Это был период, когда Ленин при каждом подходящем случае вколачивал мысль о неизбежности террора. Всякие проявления прекраснодушия, маниловщины, халатности – а всего этого было хоть отбавляй – возмущали его не столько сами по себе, сколько как признак того, что даже
Бессилие нового государственного аппарата обнаружилось ярче всего с момента перехода немцев в наступление. «Вчера еще прочно сидели в седле, – говорил наедине Ленин, – а сегодня только лишь держимся за гриву. Зато и урок! Этот урок должен подействовать на нашу проклятую обломовщину. Наводи порядок, берись за дело, как следует быть, если не хочешь быть рабом! Большой будет урок, если… если только немцы с белыми не успеют нас скинуть».
– А что, – спросил меня однажды совершенно неожиданно Владимир Ильич, – если нас с вами белогвардейцы убьют, смогут Бухарин со Свердловым справиться?
– Авось не убьют, – ответил я шутя.
– А черт их знает, – сказал Ленин и сам рассмеялся. На этом разговор и кончился.

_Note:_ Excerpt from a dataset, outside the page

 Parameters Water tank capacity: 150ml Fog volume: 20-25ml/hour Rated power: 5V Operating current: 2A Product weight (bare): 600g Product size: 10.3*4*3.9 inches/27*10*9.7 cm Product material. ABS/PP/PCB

В одной из комнат того же Смольного заседал штаб. Это было самое беспорядочное из всех учреждений. Никогда нельзя было понять, кто распоряжается, кто командует и чем именно. Тут впервые встал (в общей своей форме) вопрос о военных специалистах. Мы уже имели некоторый опыт на этот счет в борьбе с Красновым, где командующим мы назначили полковника Муравьева, а он в свою очередь поручил руководство операциями под Пулковом полковнику Вальдену. При Муравьеве состояло четыре матроса и один солдат, с инструкцией – глядеть в оба и не снимать руки с револьвера. Таков был зародыш комиссарской системы. Этот опыт лег в известной мере в основу создания Высшего военного совета.

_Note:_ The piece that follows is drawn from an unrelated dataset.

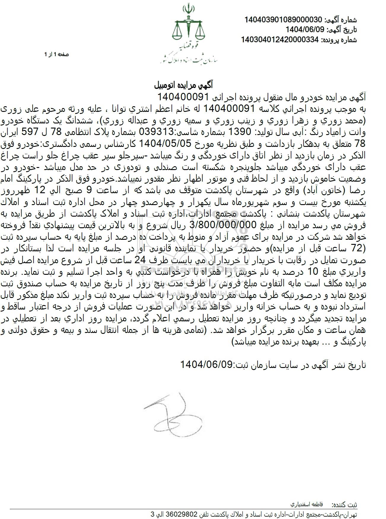 مزایده فروش ششدانگ یک دستگاه خودرو وانت زامیاد آبی سال تولید 1390 به ارزش 3.800.000.000 ریال

– Без серьезных и опытных военных нам из этого хаоса не выбраться, – говорил я Владимиру Ильичу каждый раз после посещений штаба.
– Это, по-видимому, верно. Да как бы не предали…

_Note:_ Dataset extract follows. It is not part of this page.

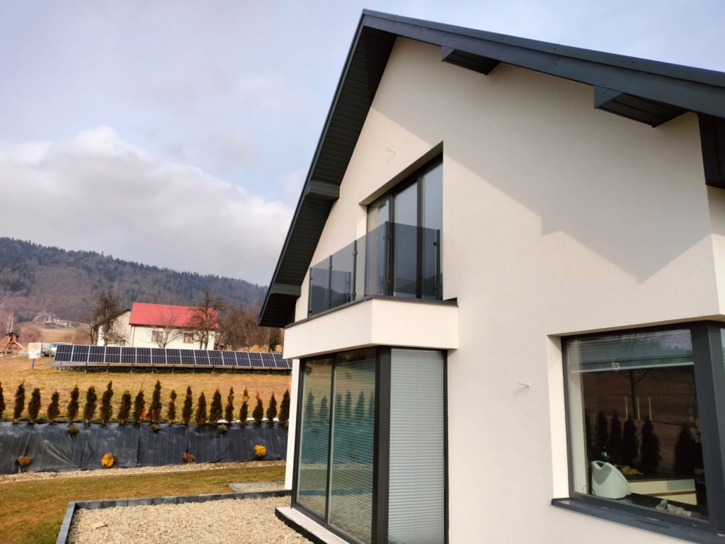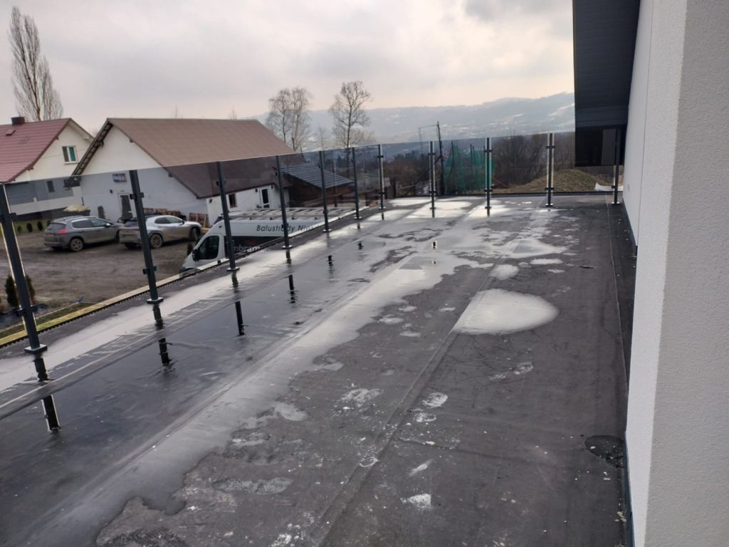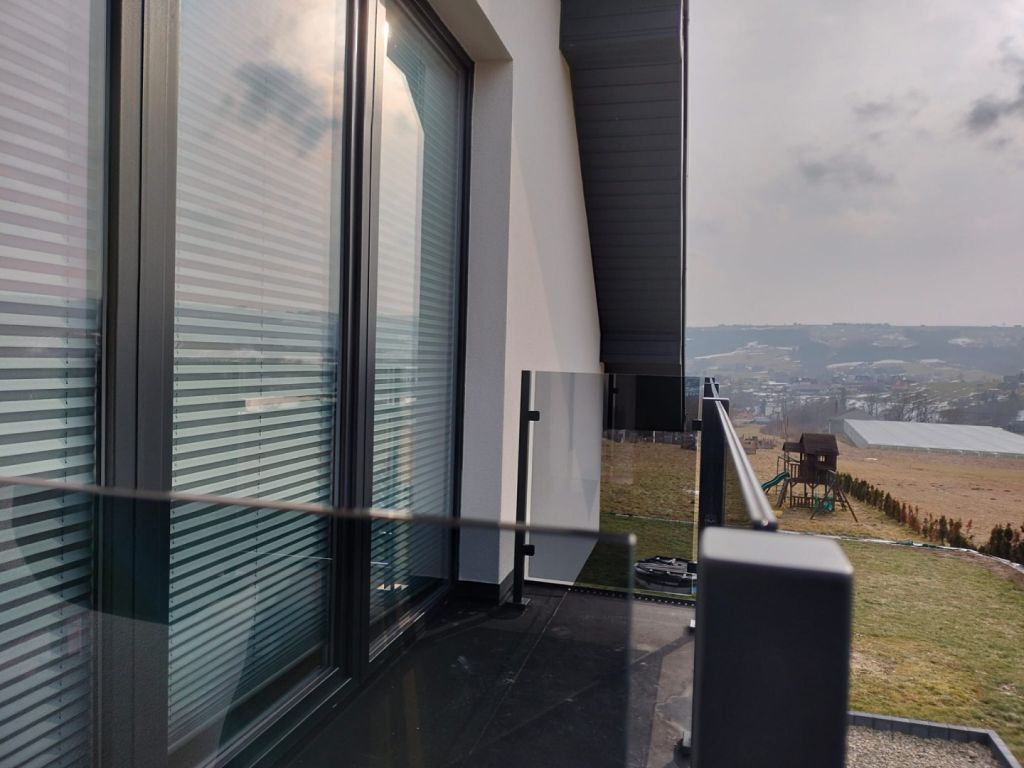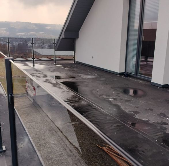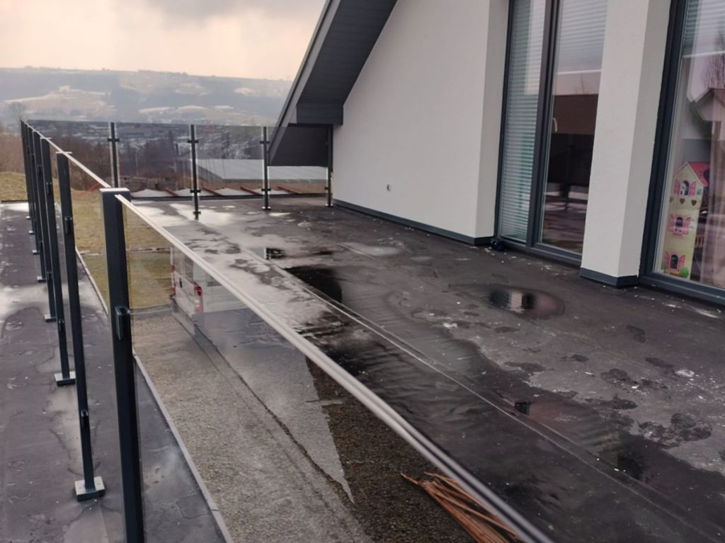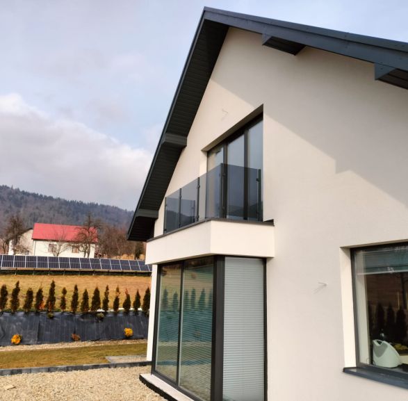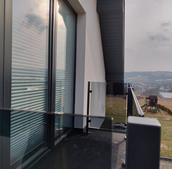 Balustrada nierdzewna ze szkłem na słupkach z profilu 40x40 - antracyt RAL 7016

– Приставим к каждому комиссара.
– А то еще лучше двух, – воскликнул Ленин, – да рукастых. Не может же быть, чтобы у нас не было рукастых коммунистов.
Так возникла конструкция Высшего военного совета.
Вопрос о переезде правительства в Москву вызвал немалые трения. Это-де похоже на дезертирство из Петрограда, основоположника Октябрьской революции. Рабочие-де этого не поймут. Смольный-де стал синонимом Советской власти, а теперь его предлагают ликвидировать и пр. и пр. Ленин буквально из себя выходил, отвечая на эти соображения: «Можно ли такими сентиментальными пустяками загораживать вопрос о судьбе революции? Если немцы одним скачком возьмут Питер и нас в нем, то революция погибла. Если же правительство – в Москве, то падение Петербурга будет только частным тяжким ударом. Как же вы этого не видите, не понимаете? Более того, оставаясь при нынешних условиях в Петербурге, мы увеличиваем военную опасность для' него, как бы толкая немцев к захвату Петербурга. Если же правительство – в Москве, искушение захватить Петербург должно чрезвычайно уменьшиться: велика ли корысть оккупировать голодный революционный город, если эта оккупация не решает судьбы революции и мира? Что вы калякаете о символическом значении Смольного! Смольный – потому Смольный, что мы в Смольном. А будем в Кремле, и вся ваша символика перейдет к Кремлю». В конце концов оппозиция была сломлена. Правительство переехало в Москву. Я еще оставался некоторое время в Петербурге, кажется, в звании председателя Петербургского военно-революционного комитета. По приезде в Москву я застал Владимира Ильича в Кремле, в так называемом Кавалерском корпусе. «Каши», то есть беспорядка и хаоса, тут было никак не меньше, чем в Смольном. Владимир Ильич добродушно поругивал москвичей, проникнутых великим местничеством, и постепенно, шаг за шагом, натягивал вожжи.